Вновь, как и некогда в Москве, я чувствовала, никого нет, я одна со звуками своими, да этотъ маленький и крепкий человек, тридцатью годами славы и муштровки, дисциплины.
И мы не провалились, правда. Слушали нас хорошо, хорошо одобряли — с каждой новой пьесой ощущала я, что за спиною композитора мне, как за каменной стеной.
Кухов тоже мне похлопал.
— Ну, уж теперь цари. Прямо живьем возьмут на небо.
Маркиза нас расхваливала, благодарила. На ее рыбьем лице выступили пятна красноватые. Меня она звала даже к себе во Фраскати — отдохнуть от жаров Рима.
Когда мы выходили, сэр Генри поцеловал мне руку.
— Это успех, конечно.

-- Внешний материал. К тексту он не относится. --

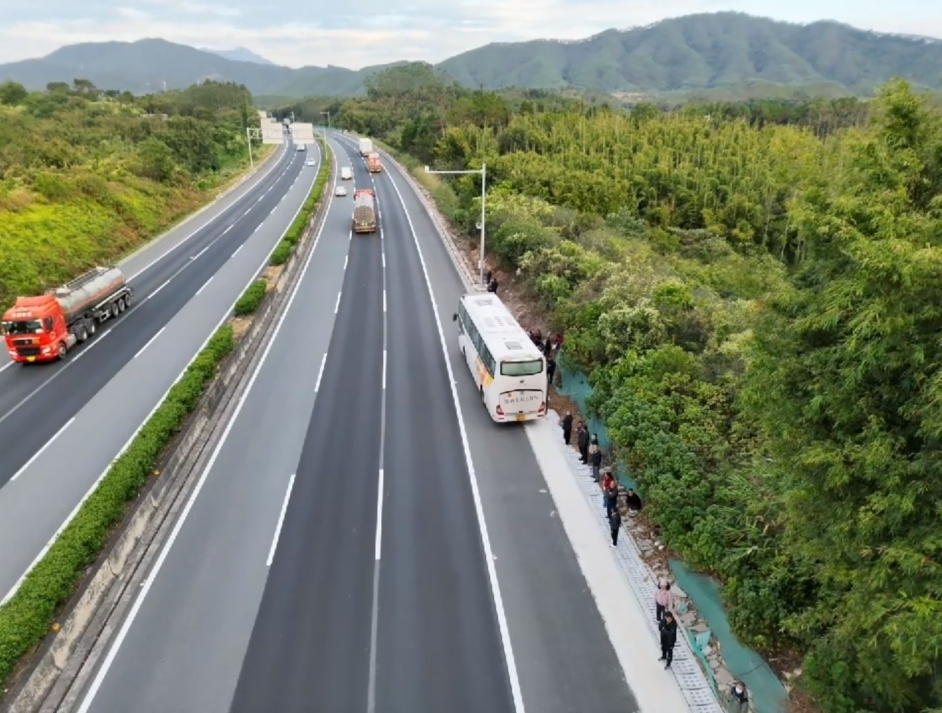 “请在路面的人员打开车辆双闪灯后,转移到安全位置等待救援。”近日,一辆大巴车停在广东交通集团所属乐广高速往韶关方向K218+300m的应急车道,现场多名乘客滞留。
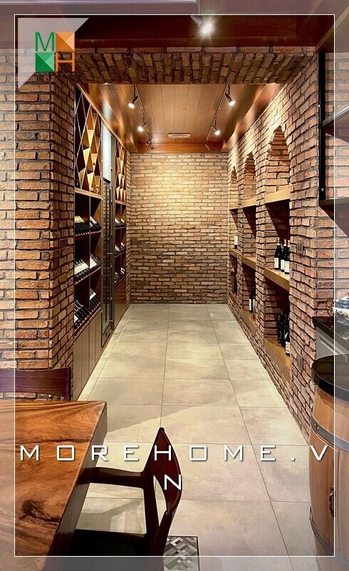 Ấn tượng với thiết kế phòng rượu hiện đại với những cái kệ gỗ âm tường thiết kế để lộ gạch ngoài độc đáo và lạ mắt.
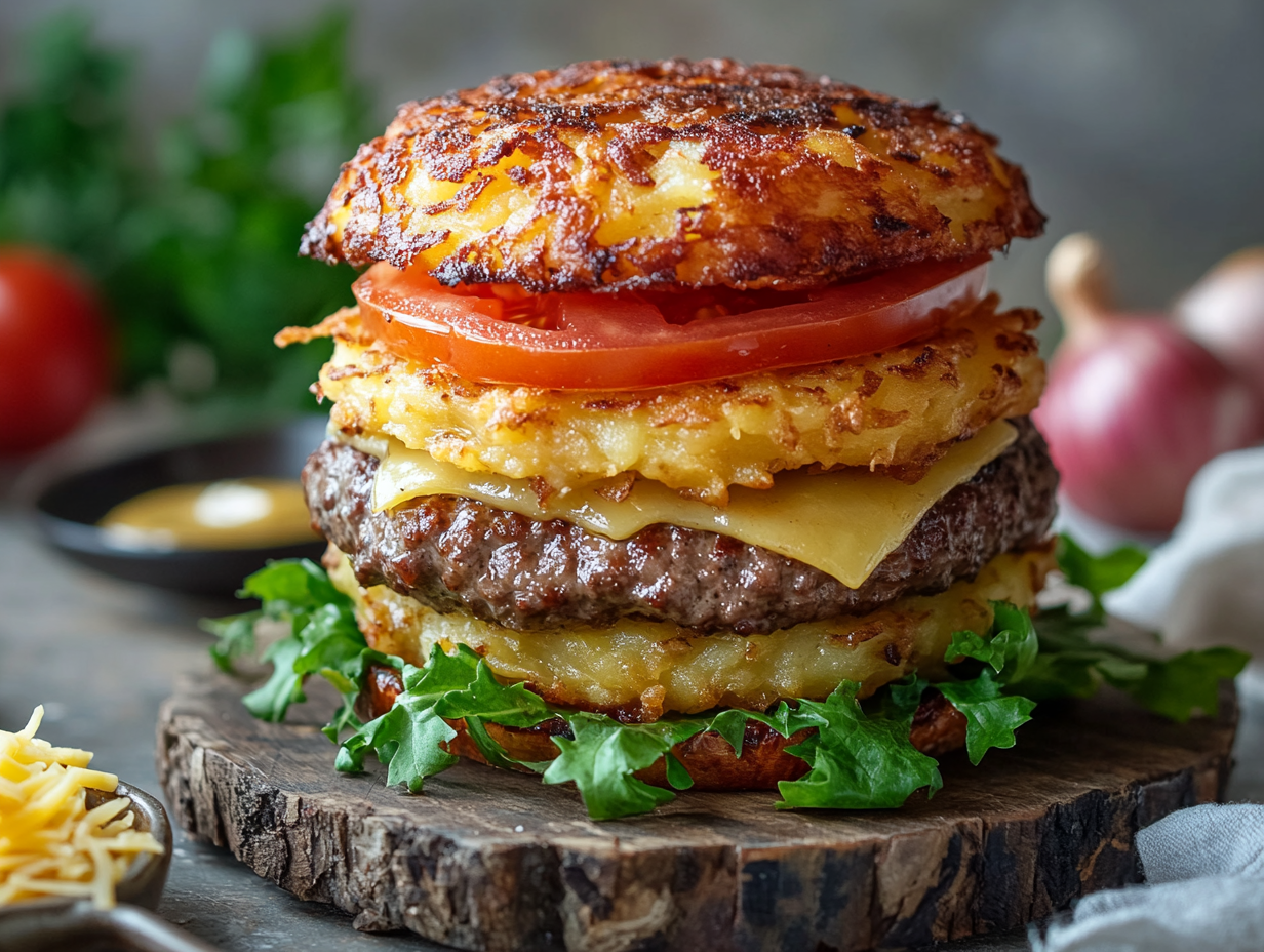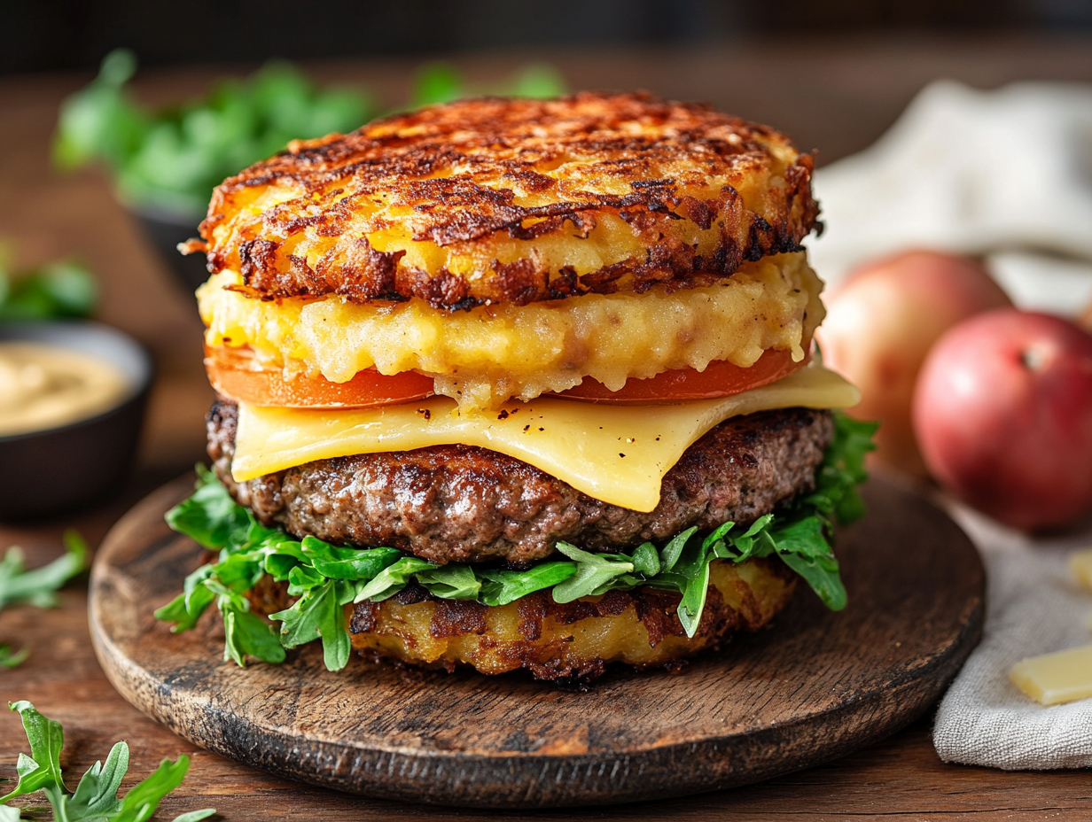 Switzerland is known for its hearty and well-crafted cuisine, often centered around high-quality dairy, potatoes, and meat. Rösti is especially significant in the canton of Bern but has gained nationwide appeal, often accompanying meals with cheese, eggs, or meats. The idea of using rösti as a bun replacement in a burger offers an exciting twist—combining the crispy texture of potatoes with the savory richness of a beef burger.

Очень рад за вас.
И, поклонившись, сел в автомобиль свой, покатил обедать, и в театр — до него столько же ему было дела, как и до моего пения.
Через несколько дней в римской газетке появилось описание garten party c нашим участием — производство Кухова. Все было превознесено, конечно в стиле, рабском и рекламном.
— Вот он, моветон-то где — Георгий Александрович слегка хлопнул пальце по газете. — Этими словами лил грубо льстят, или клевещут.
— Вам бы хотелось, чтобы все такими барами были, как вы сами, или та маркиза, или Цицерон.
— Нет, это невозможно. И Горацию, конечно, приходилось, proportions gardees, петь Мецената, чтобы получить виллу за Тиволи. Жизнь все такая же, как тысячи лет назад. И сели мы, сидя в тени башен
Trinita, любуемся великим Римом, философствуем о малом и великом, о консерватизме и революционности, о моветоне, то поверьте, что во времена Лукулла, великого завоевателя и насадителя вишен в Риме, вот на этом самом месте, несомненно, тоже разговаривали, и, быть может, — много интересней, чем мы с вами.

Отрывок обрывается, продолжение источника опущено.